## Aim of the exercise
Only the lines below from the one containing "hl. Hugo (von" to the one containing "Friherrinnan Helga von" should be repeated, both included and unchanged.

## Record excerpts
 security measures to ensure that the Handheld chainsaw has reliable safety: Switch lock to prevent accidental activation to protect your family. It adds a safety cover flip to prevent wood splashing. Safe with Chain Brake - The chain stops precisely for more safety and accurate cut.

...

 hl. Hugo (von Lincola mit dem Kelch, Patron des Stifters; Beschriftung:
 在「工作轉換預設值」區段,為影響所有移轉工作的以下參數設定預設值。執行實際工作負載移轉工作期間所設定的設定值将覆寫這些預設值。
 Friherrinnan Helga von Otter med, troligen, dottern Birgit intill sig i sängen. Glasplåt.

==

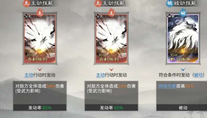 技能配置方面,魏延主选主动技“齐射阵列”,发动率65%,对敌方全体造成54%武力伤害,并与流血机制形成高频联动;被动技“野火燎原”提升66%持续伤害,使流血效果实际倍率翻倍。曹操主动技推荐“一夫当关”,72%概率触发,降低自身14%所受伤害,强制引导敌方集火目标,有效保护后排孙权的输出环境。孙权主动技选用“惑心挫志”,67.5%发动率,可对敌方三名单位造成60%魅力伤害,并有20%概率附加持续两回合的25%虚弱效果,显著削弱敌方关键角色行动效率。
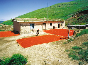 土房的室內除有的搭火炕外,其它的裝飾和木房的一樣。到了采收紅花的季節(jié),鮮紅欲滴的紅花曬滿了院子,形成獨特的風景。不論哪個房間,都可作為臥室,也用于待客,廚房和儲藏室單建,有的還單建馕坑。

## Task result
 hl. Hugo (von Lincola mit dem Kelch, Patron des Stifters; Beschriftung:
 在「工作轉換預設值」區段,為影響所有移轉工作的以下參數設定預設值。執行實際工作負載移轉工作期間所設定的設定值将覆寫這些預設值。
 Friherrinnan Helga von Otter med, troligen, dottern Birgit intill sig i sängen. Glasplåt.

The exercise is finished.